Comprar casa é o desejo profundo de muitos portugueses. Mas o processo é, por vezes, complexo e moroso, sobretudo, na hora de contratar um crédito habitação. Há que andar de banco em banco e ver quais é que oferecem as melhores condições e preparar muita documentação. Ou então há a hipótese de recorrer a intermediários de crédito (IC), que ajudam os clientes e apoiam os bancos. Por outras palavras, "dignificam os clientes através da recolha de elementos que visam a elaboração de diagnóstico correto, por forma a obter dos bancos não só as melhores condições, mas também um fato à medida”, tal como explica Tiago Vilaça, presidente da Associação Nacional Intermediários Crédito Autorizados (ANICA), em entrevista ao idealista/news.
Recorrendo a um intermediário de crédito autorizado, o consumidor final conseguirá obter um crédito habitação – ou outro tipo de financiamento – com as melhores condições do mercado e ajustado às suas necessidades, garante o responsável, dando nota de que, na prática, o intermediário trata de tudo. “O cliente fala apenas com o IC sem ter o trabalho de se deslocar a várias instituições financeiras, poupando tempo”, acrescenta ainda o presidente da ANICA, uma associação criada em fevereiro de 2020 com um objetivo bem definido: “Dignificar e assegurar o futuro da atividade de IC junto da sociedade portuguesa”, aponta.

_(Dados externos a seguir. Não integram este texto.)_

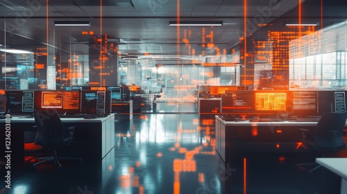 Fototapeta premium Office environment with high-tech computers displaying data analytics for...

A verdade é que os intermediários de crédito estão a crescer em Portugal: já há 6.000 entidades registadas no Banco de Portugal (BdP), das quais 1.500 são intermediários de crédito vinculados. E o peso do trabalho do IC junto das entidades financeiras foi de cerca de 90%, com o crédito habitação a representar 30%, mostram os dados do último relatório do BdP sobre a atividade dos IC entre 2018 e 2020. Mas ainda há um longo “trabalho pela frente” de reconhecimento da profissão pela sociedade. E, por outro lado, a própria legislação portuguesa nesta matéria, através do Regulamento Jurídico dos Intermediários de Crédito – RJIC, também é “muito recente”, explica ainda Tiago Vilaça.
Há muito a fazer pela jovem ANICA e o seu maior desafio passa mesmo por entender a “forma como o IC pode e deve realizar a sua atividade”, reconhece o líder da associação, admitindo que, por outro lado, confronta-se também com uma falha no mercado: “a falta de uma concertação global por parte de todos os agentes”, aponta. Neste cenário, a ANICA é a ponte entre autoridades e parceiros, estimulando o diálogo com os 'players' do mercado, com os bancos mutantes, com o BdP, junto da Assembleia República e ainda com associações setoriais, organizações de apoio ao consumidor e outras.

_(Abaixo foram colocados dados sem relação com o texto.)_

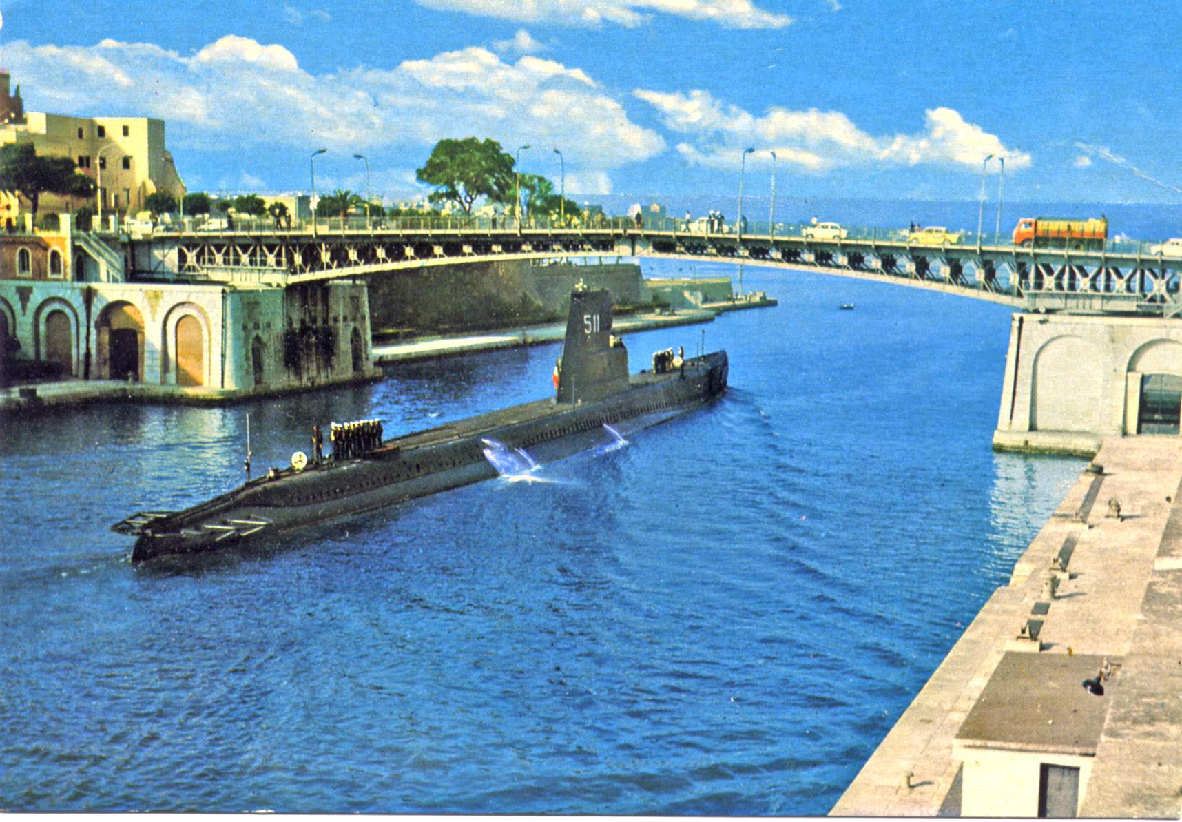 207k | Enrico Tazzoli (S-511) underway in the "Grand Harbor" of Malta. The large warships at right is the guided missile light cruiser Guiseppe Garibaldi (C-551). The Guiseppe Garibaldi was rebuilt in the La Spezia Arsenal starting from 1957, and, at her completion in 1961, she was named flagship of the Italian Navy. | Text i.d. courtesy of Maurizio Brescia. Partial text courtesy of wikipedia.org. Photo courtesy of Robert Hurst. |

"Os bancos mutantes são parceiros, podendo contribuir e muito para desenvolver este modelo negócio”, pois “somos complementares à sua atividade”.
A atividade de intermediação de crédito está a evoluir a olhos vistos e “o potencial crescimento na banca tradicional é alto”, considera o presidente da ANICA. E há vários fatores a contribuir para este cenário: “estamos a viver uma época de despedimento coletivo de bancários com o inevitável encerramento de sucursais”, algo que “traz um vazio na relação dos bancos com o consumidor final”, diz Tiago Vilaça, frisando que, neste contexto, “não temos dúvidas que o papel do IC sai privilegiado”. E na senda deste caminho futuro os “bancos mutantes são parceiros, podendo contribuir e muito para desenvolver este modelo negócio”, já que “somos complementares à sua atividade”, refere ainda.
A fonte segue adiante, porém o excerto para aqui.